TYPING your password or credit card number into a computer is a moment's work. But if you think your personal details disappear as soon as you hit the Return key, think again: they can sit on the computer's hard disc for years waiting for a hacker to rip them off.
This alarming assessment comes from researchers who have created a way to track sensitive information through computer memory. They hope their results will convince programmers to work harder at making computers more secure.
As people spend more time on the web and hackers become more sophisticated, the dangers of storing personal information on computers are growing by the day, security experts say. There are some obvious safeguards, such as never allowing your computer to store your passwords.
But even that is no guarantee of security. When you type in a password, it is stored in random access memory (RAM), where it is held temporarily until other data overwrites it or the computer is switched off. But every so often, the computer copies the contents of its RAM onto hard disc, where it is easy prey for a hacker, who can read it directly or design a worm to email it back.
The longer sensitive data stays in RAM, the more likely it is to be copied onto the disc, where it stays until it is overwritten- which might not happen for years.

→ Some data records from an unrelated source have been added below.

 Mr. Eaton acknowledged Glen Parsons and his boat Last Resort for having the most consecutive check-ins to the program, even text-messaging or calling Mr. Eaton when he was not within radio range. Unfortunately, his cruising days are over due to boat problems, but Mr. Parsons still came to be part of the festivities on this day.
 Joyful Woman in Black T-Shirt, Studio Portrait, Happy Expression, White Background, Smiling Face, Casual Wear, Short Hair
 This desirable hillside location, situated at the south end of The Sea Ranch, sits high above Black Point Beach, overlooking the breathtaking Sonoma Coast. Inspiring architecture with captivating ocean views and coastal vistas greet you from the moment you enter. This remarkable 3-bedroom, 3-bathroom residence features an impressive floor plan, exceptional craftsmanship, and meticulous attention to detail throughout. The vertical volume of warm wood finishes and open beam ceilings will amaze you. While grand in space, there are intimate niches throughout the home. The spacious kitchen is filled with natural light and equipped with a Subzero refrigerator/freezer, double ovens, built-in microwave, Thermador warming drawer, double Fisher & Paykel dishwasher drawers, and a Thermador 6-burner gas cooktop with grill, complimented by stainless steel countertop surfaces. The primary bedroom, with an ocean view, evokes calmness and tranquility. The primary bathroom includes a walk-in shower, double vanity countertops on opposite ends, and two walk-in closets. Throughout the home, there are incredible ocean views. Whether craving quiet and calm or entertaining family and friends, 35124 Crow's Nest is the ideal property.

Tal Garfinkel and colleagues from Stanford University in Palo Alto, California, have created a software tool called TaintBochs which simulates the workings of a complete computer system. Within the simulation, sensitive data can be tagged, or "tainted", and then tracked as it passes through the system.
Such tracking is normally impossible on a computer. Next, Garfinkel and his team simulated computers running common software that regularly handles passwords or confidential personal information, such as Internet Explorer, the Windows login script and Apache server software.

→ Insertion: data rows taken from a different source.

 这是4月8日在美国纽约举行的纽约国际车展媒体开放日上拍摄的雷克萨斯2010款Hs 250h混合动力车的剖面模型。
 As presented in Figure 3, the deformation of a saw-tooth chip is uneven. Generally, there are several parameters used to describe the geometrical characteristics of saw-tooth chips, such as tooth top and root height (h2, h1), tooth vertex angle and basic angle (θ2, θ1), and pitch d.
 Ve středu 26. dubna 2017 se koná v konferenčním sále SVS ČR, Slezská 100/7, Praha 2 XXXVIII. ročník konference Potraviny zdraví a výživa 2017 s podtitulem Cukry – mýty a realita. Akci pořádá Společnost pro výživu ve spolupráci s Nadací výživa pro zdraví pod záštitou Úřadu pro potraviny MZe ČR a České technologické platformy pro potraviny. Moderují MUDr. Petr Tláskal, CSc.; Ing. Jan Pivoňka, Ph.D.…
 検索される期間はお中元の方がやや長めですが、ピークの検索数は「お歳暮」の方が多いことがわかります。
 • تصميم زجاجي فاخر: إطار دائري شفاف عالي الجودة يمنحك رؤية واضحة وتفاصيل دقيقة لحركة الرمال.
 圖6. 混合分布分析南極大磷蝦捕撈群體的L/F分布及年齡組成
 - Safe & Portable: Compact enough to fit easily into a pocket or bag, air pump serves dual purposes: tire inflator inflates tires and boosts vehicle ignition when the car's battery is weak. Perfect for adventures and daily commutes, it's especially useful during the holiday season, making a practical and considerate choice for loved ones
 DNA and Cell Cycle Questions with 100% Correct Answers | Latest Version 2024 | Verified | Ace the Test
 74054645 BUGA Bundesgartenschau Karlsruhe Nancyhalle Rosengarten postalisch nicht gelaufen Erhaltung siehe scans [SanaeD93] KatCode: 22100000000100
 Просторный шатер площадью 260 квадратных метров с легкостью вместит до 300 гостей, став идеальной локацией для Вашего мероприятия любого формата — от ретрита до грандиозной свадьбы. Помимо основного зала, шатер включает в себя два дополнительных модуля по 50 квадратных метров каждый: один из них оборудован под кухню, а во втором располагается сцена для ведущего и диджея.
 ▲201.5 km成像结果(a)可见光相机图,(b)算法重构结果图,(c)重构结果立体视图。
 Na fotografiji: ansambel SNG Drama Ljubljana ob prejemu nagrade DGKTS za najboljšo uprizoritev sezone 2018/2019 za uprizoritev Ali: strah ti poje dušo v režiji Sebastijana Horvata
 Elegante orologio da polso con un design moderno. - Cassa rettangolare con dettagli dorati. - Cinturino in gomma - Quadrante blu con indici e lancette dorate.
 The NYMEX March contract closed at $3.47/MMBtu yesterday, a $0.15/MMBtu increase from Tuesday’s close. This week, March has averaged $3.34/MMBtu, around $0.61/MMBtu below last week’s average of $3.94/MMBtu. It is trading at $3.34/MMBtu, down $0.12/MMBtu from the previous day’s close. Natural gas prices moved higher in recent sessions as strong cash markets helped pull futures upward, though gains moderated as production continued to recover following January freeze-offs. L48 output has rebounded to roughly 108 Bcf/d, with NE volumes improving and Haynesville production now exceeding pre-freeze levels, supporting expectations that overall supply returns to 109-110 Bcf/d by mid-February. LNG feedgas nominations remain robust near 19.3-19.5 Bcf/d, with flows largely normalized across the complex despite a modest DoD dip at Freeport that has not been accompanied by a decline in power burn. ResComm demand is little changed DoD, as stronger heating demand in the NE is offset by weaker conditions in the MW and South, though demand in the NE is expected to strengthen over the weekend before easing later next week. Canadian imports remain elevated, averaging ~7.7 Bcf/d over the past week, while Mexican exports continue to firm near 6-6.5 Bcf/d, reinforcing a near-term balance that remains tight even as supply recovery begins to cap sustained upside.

In a paper to be presented in August at the USENIX Security Conference in San Diego, they conclude that the programs took virtually no measures to limit the length of time the information is retained. Some of the tested software even copied the sensitive information, apparently without restraint (http://suif.stanford.edu/collective/taint.pdf). This is the first time anyone has tried to measure the extent of this problem, says Rebecca Wright, a security expert at Stevens Institute of Technology in Hoboken, New Jersey.

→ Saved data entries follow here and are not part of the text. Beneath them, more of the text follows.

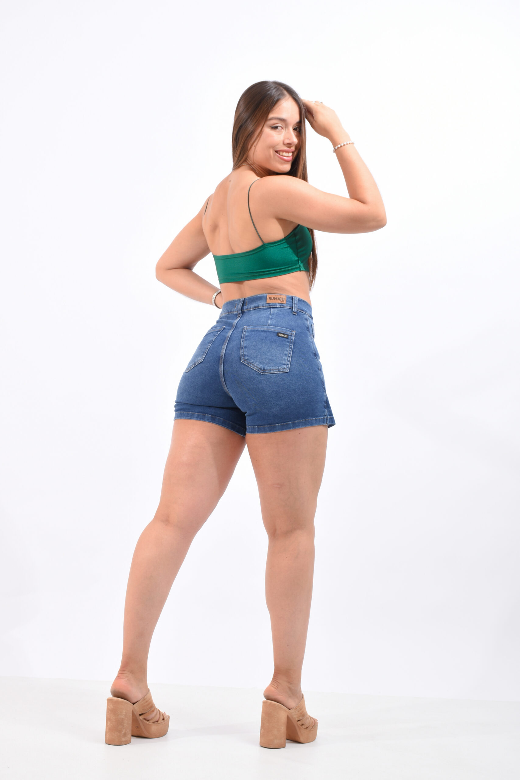 DUNA | SHORT POLLERA AZUL CLASICO ELASTIZADOTIRO ALTO TALLES 38 AL 54 RUMAJU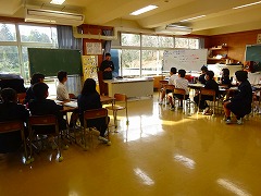 ↑ 5,6年生の英語です。5年生は、My hero 6年は、My dream それぞれ、自分の思いを英語で話しました。
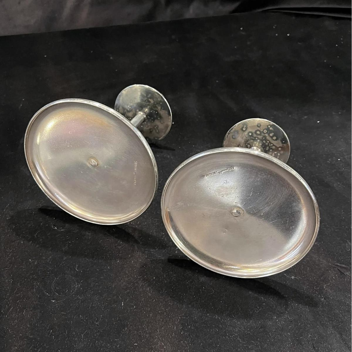 SAMBONET, pair of silver-plated metal candlesticks, Italy ca 1960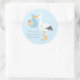 Procurando etiquetas para decorar suas favoritos para festas para a festa do chá de fraldas? Que tal esta design que tem um desenho de um carregando de cegonha um pacote de bolinhas com um bebê bonito embrulhado dentro. O bebê tem um pacificador azul na boca. Obrigado seus convidados por vir!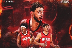 火箭官方发布预热海报,封面为申京、阿门和谢泼德。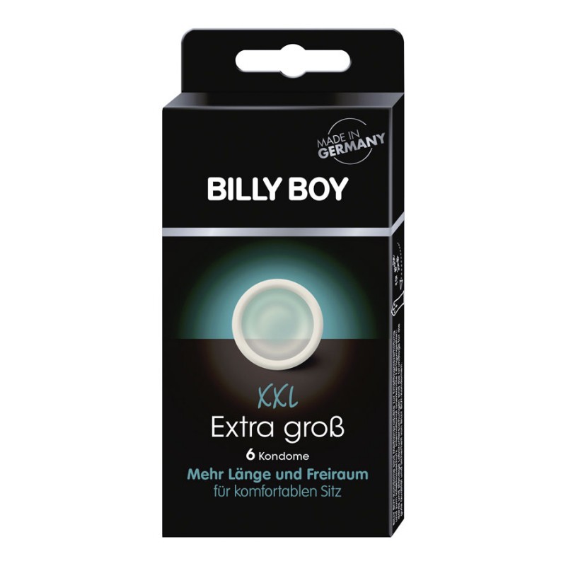 BILLY BOY Extra Large 6 pièces • 6 préservatifs XXL transparents • Longueur de 195 mm • Largeur de 62 mm dans la zone supérieure • Coupe confortable • Forme lisse • Lubrifié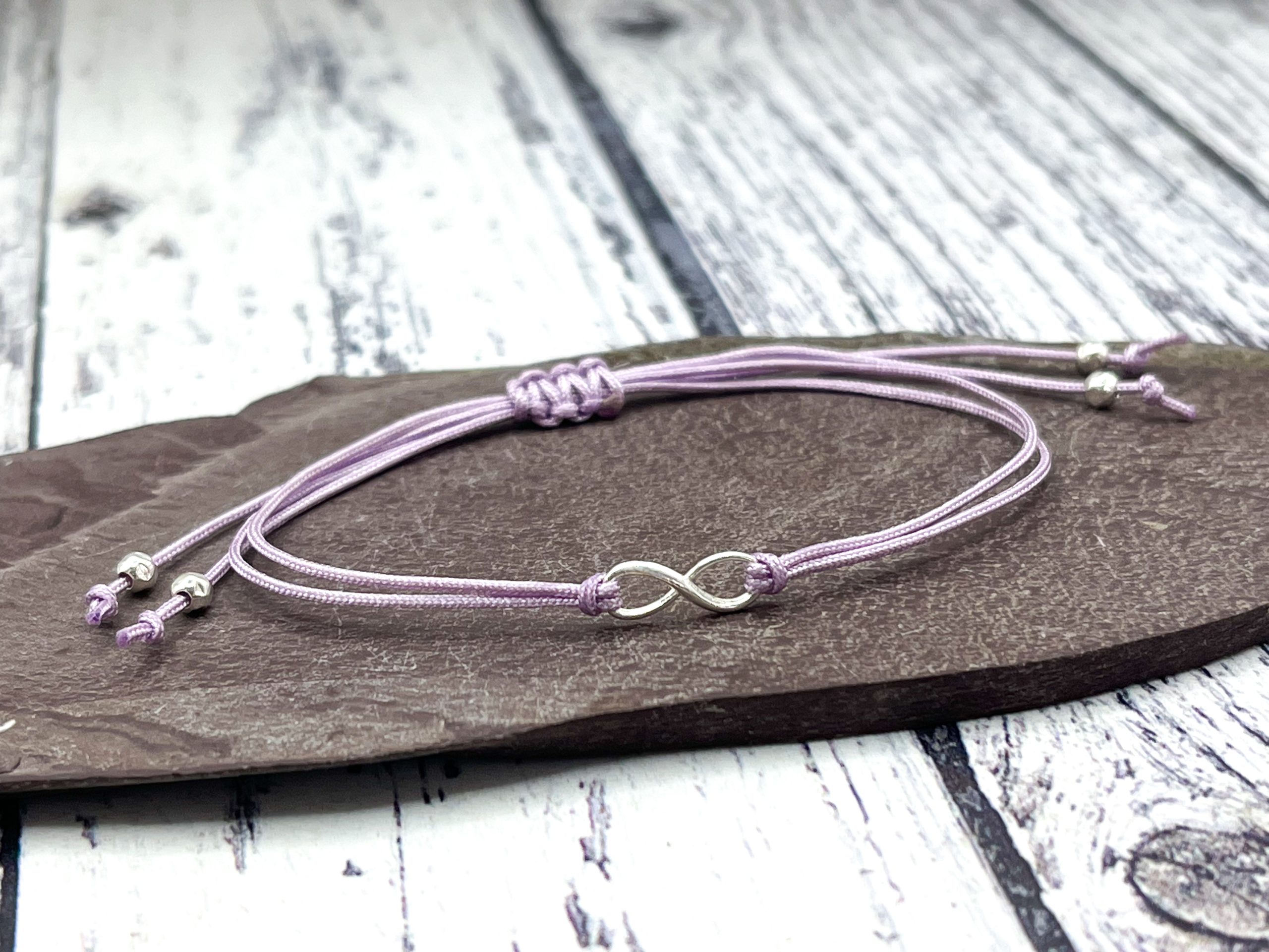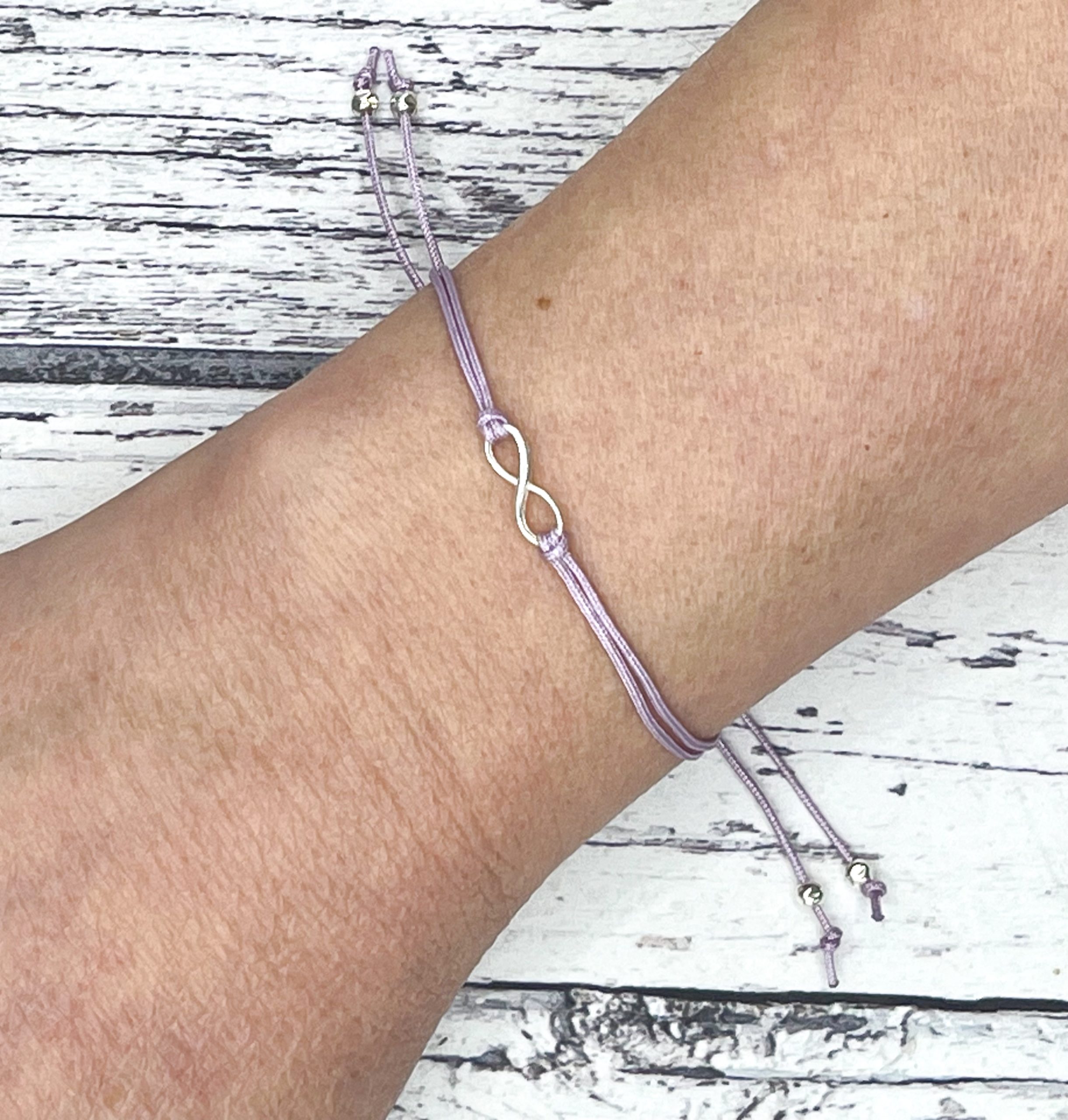 Featuring a sterling silver Infinity centrepiece charm and stopper beads.

Garfinkel hopes the results will galvanise software developers into action. "The way we are building our systems today is making the impact of an attack much greater than it needs to be," he says.
Operating systems such as Windows and Linux have no facility for stopping data being written to the hard drive. So Garfinkel reckons the best strategy is to ensure that data is kept on RAM for the shortest possible time.
One way to achieve this is for all data in RAM to be automatically turned into a string of zeros once it is finished with- something he says could be done with just a few extra lines of code in application programmes Perhaps the ultimate solution would be to encrypt data as it is entered, before it is saved into RAM, and arrange for programs that use it to decrypt it first.
Wright says there is nothing difficult about these strategies and that software writers could put them in place if they wanted to. The main disincentive is that zeroing or encrypting data consumes processing power that could be used for other, more alluring tasks, or simply to make the computer run faster.
But Vern Paxson, a security expert at the independent International Computer Science Institute in Berkeley, California, says that as processors are capable of ever more calculations, we are nearing the point where security measures can be built into systems without compromising performance.
"We are finally getting enough performance," he says, "to throw more computing power at security."